Глаза Авалоны широко распахнулись.
— Не знала? — понимающе усмехнулся Хагалаз, — Да, в Часовых Городках вас этому не учат. Чтобы не теряли бдительность. Когда ты уже научишься сначала думать, а потом уже делать? — покачал головой мужчина. — До казни альва, можете остаться в Коэтре, но после буду ждать тебя и твой отряд во внутреннем дворе дворца. У меня для вас персональное поручение.
Авалона склонила голову, чувствуя себя круглой дурой. Хагалаз безразлично махнул рукой, оставляя ее в темнице в одиночестве. Закованный в доспехи мужчина удалялся, и Авалона старалась запомнить его таким. Решительным хьендом, жестоким, но справедливым учителем и равнодушным человеком, которому не все равно.
Хагалаз состоял из противоречий и таким она хотела навсегда запомнить его.
Маленькую комнатушку заливали предрассветные лучи, отчего она казалась не такой крошечной. Фонари под потолком потухли, а от свечи, догоревшей на узком подоконнике, исходил черный дым. Авалона сидела на коленях перед сундуком с тяжелой металлической крышкой и аккуратно складывала в него доспехи.
Переодевшись в удобные обтягивающие штаны и свободную рубашку, она затянула ремешки на кожаном корсете и одела пару удобных сапожек. Закрепила на перевязи ножны, обитые кожей, и повязала темно-зеленый плащ, накинув на голову капюшон.

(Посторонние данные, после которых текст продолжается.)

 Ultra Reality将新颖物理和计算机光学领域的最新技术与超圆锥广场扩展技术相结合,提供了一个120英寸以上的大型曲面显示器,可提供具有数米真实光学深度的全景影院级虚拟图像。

Последней вещью, которую она достала из сундука, оказался рисунок на пожелтевшем пергаментном листе. На рисунке в полный рост был изображен мужчина, его короткие волосы отливали благородной сединой, а глаза цвета болотной тины смеялись. Он обнимал женщину с болезненно-бледным лицом, темными волосами чуть выше плеч и самой доброй на свете улыбкой. Изображение на пергаменте бледнело с каждым мгновением. Знак того, что ей следует поторопиться. Девушка бережно свернула лист, убирая его в увесистую котомку.
Хэлла покидала это место навсегда, но не чувствовала тоски. Ее Авалона ощутила сполна, когда ей пришлось распустить свои косы, выудив из прически алую ленту. Шелк приятно холодил загрубевшие пальцы. Она должна была оставить ленту в комнате на заправленной шкурой кровати, но не смогла. Подвязала ею высокий хвост.

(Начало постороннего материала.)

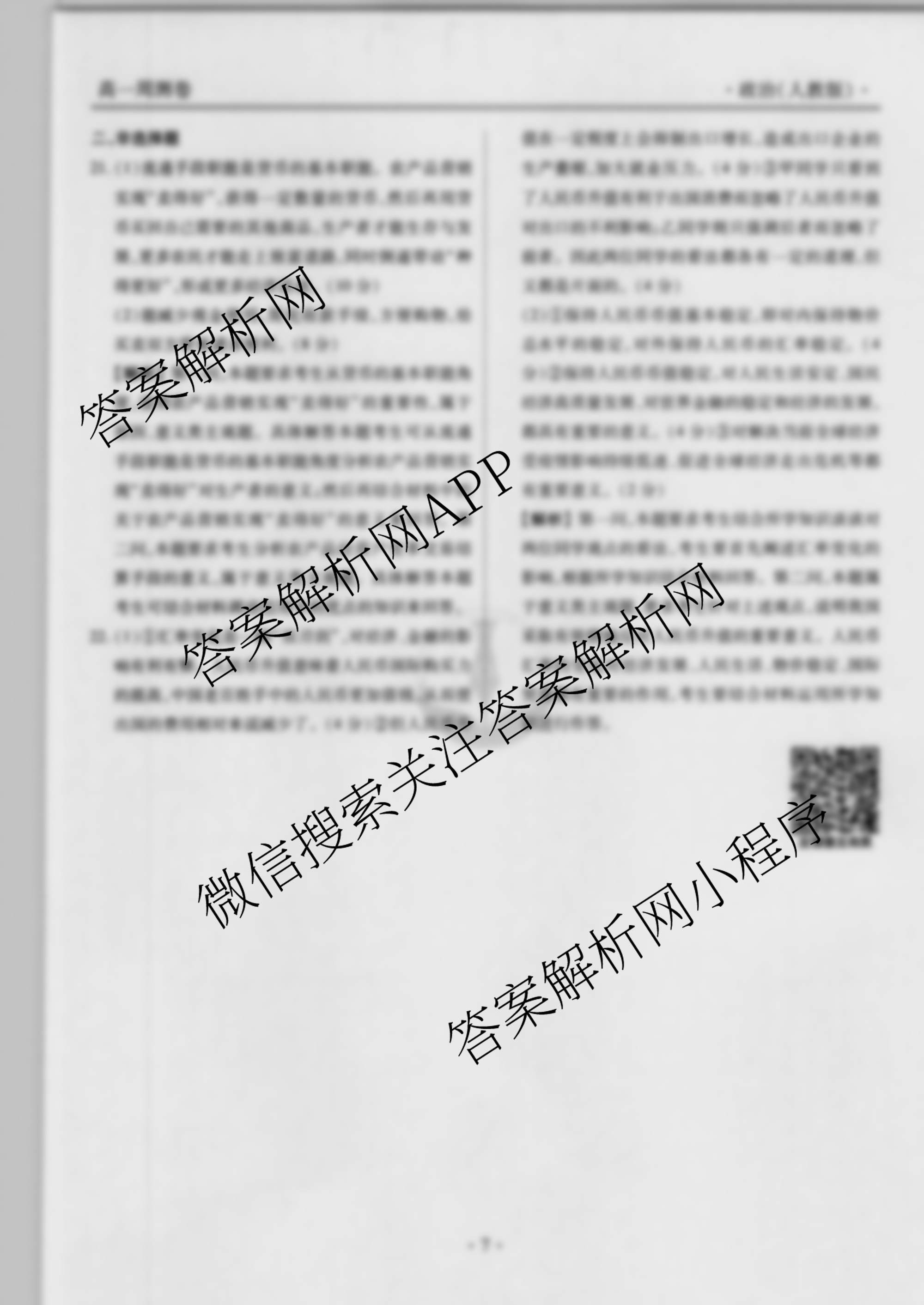 2021-2022衡水金卷先享题高一同步周测卷政治人教版(二)2答案

Кинув быстрый взгляд на письменный стол, Авалона поняла, что не сможет уйти так просто. Пускай она была дьердом совсем недолго и уже успела наворотить дел, но она все равно дорожила своими всадниками. Каждого из них она знала с детства, видела, как светятся их полные счастья глаза или как они же наполняются слезами. Она чувствовала, когда они хотели сдаться, но все равно продолжали раз за разом доказывать, что достойны жить, как всадники культа Морриган.
Какой бы Авалона не казалась черствой и бессердечной снаружи, в этот миг внутри нее что-то оборвалось. Канат, что ей приходилось тянуть долгие годы, порвался, и теперь она держала в руках две его части, не зная, что делать. На ее лице отражалась почти детская растерянность и колющая боль. Когда она выйдет из этого дома, то потеряет их навсегда. А если им и суждено встретиться в следующий раз, то только во время инквизиции, где она будет выступать в роли преступницы, предавшей свою родину.
Авалона выровняла дыхание, успокаиваясь. Накануне она написала письмо. Небольшое, всего в несколько строк. В письме она не просила простить ее и не просила понять, хэлла написала то, что мог написать только дьерд. Она положила письмо на подушку, последним взглядом окидывая комнату, и распахнула дверь, чтобы тут же с размаху впечататься в чью-то грудь. Сильные руки аккуратно легли на ее плечи, удерживая от падения.
— Я собирался постучать, — голос Фонзи прозвучал очень близко. В нем не было привычных издевательских ноток, он не насмехался, а казался…смущенным?
Его нелепые кудряшки были растрепаны и торчали во все стороны. Авалона издала смешок. Иногда Фонзи мог быть милым. Правда, происходило это очень редко.
Хэлл был одет в шелковую рубашку и темно-коричневые широкие штаны. В силу своей военной службы всадники обязаны носить доспехи, почти никогда не снимая их. Поэтому Авалона так редко видела всадников в обычной одежде, да и сама уже запамятовала, как она выглядит без железной защиты.